Earl started hyperventilating again.

“Earl? You there?”

“Jesus. Fucking. Shit. We are-”

“Yeah, how do you think I feel. I said was-he’s retired. But he knows all these cops.”

“Shit!”

“We have one thing going for us. The last word Hank blinked was: ‘nurse.’ Then he was exhausted, or something; and he fell asleep. I have no idea what he’s getting at, but Broker and this Amy start making like detectives and think he meant the other nurse up there in the recovery room tried to kill him. So, I’m playing for time and I suggested we pack up Hank, drive up to Ely, and try his blinking routine on the nurse.”

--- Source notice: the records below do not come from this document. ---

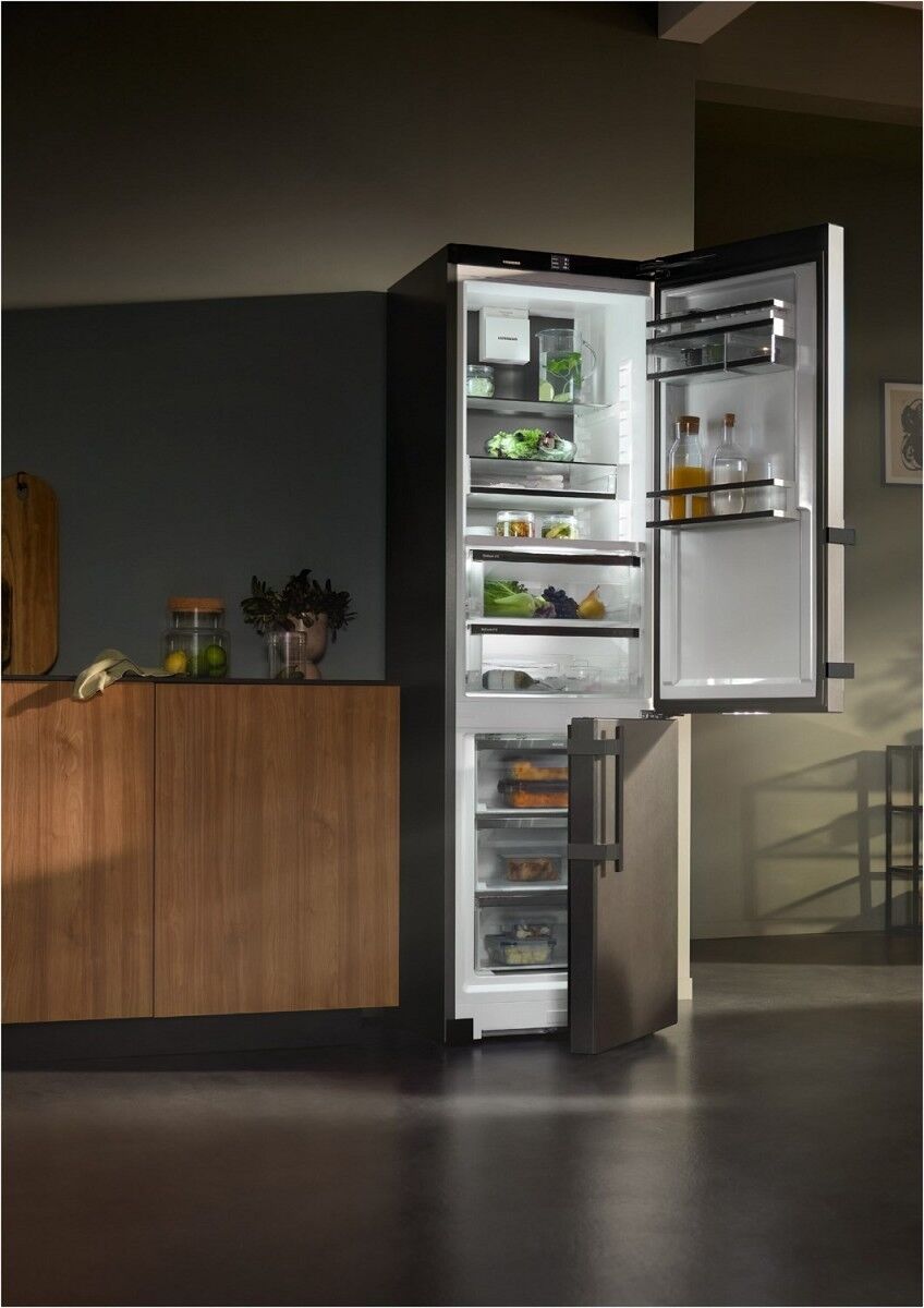 Die LIEBHERR CBNbsa 10 575i-1-23 Kühl-/Gefrierkombination in edlem BlackSteel vereint elegantes Design mit innovativer Frischetechnologie – perfekt für alle, die in ihrer Küche Wert auf Ästhetik, Funktionalität und Nachhaltigkeit legen. Mit einem großzügigen Nutzinhalt und durchdachter Innenaufteilung bietet dieses Modell sowohl im Kühl- als auch im Gefrierbereich ausreichend Platz für Lebensmittel aller Art – vom knackigen Gemüse bis hin zu tiefgekühlten Vorräten.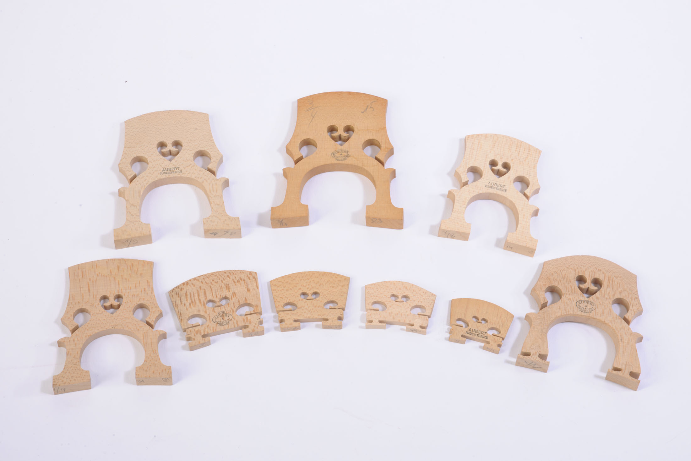 1 chevalet Français pour violoncelle 3/4. 4 chevalets Français pour violoncelle 1/2. 4 chevalets Français pour violoncelle 1/2. 5 chevalets Français pour violoncelle 1/8. 15 chevalets pour violon 3/4. 8 chevalets pour violon 1/2. 12 chevalets pour violon 3/4. 22 chevalets pour alto.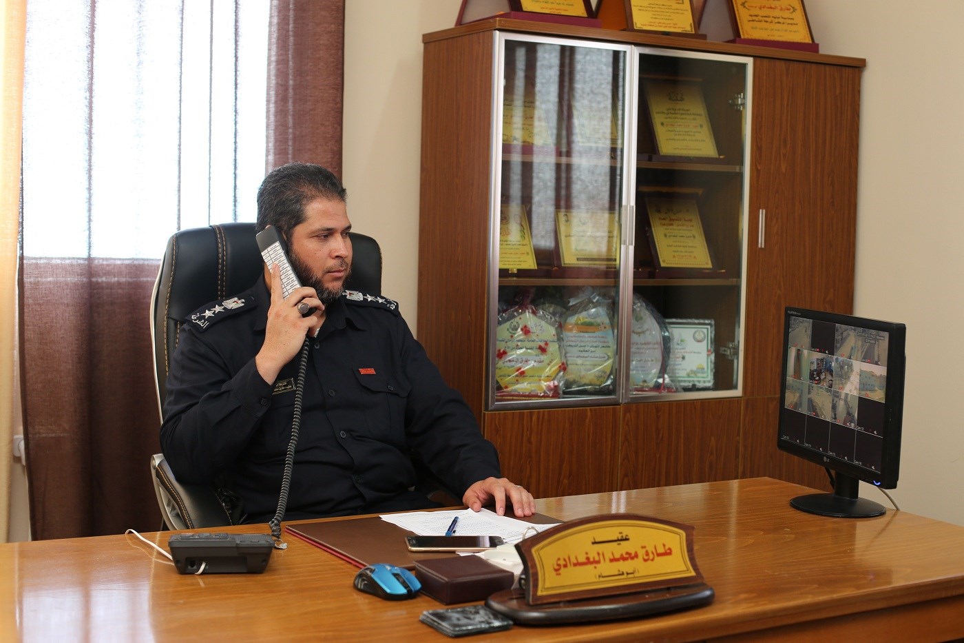 المدينة، يطّلع العقيد البغدادي عن كثب سير عمل أقسام مركزه التي تقدم خدماتها

“The old killer-nurse theory,” Earl said.

“It buys time. Maybe twenty-four hours.” She paused and Earl heard her exhale. “You sure can get offered some fucked choices in life,” she said.

“Amen,” Earl said.

“So, can you get a cab back here, pick up your van, and meet me up there?”

“Like you say, it’s a fucked choice, but I’m with you.” Despite his pain, Earl smiled because it felt like old times.

“Okay, we’re going to Broker’s uncle’s place. It’s called Uncle Billie’s Lodge, on Lake One. They say it’s just outside Ely. Any gas station can direct you. Nobody is there this time of year. You with me so far?”

“I’m still here. Uncle Billie’s Lodge on Lake One in Ely, Minnesota. Then what?”

“Page me with sixes when you get in position, like outside the front door. I’ll lure Broker out. Then I’ll try to distract him so you-”

“I get the picture.”

She paused, then said, “So you better bring it.”

“I thought we weren’t like that anymore,” Earl said, clicking his teeth.

“I don’t see any other way,” Jolene said.

She clicked off the phone, flicked her cigarette, and watched it spiral out, sparks in the gloom. She straightened up her shoulders and raked her fingers through her short hair.

She reminded herself that she didn’t kill that guy in North Dakota.

And she wasn’t going to kill Amy and Broker, either.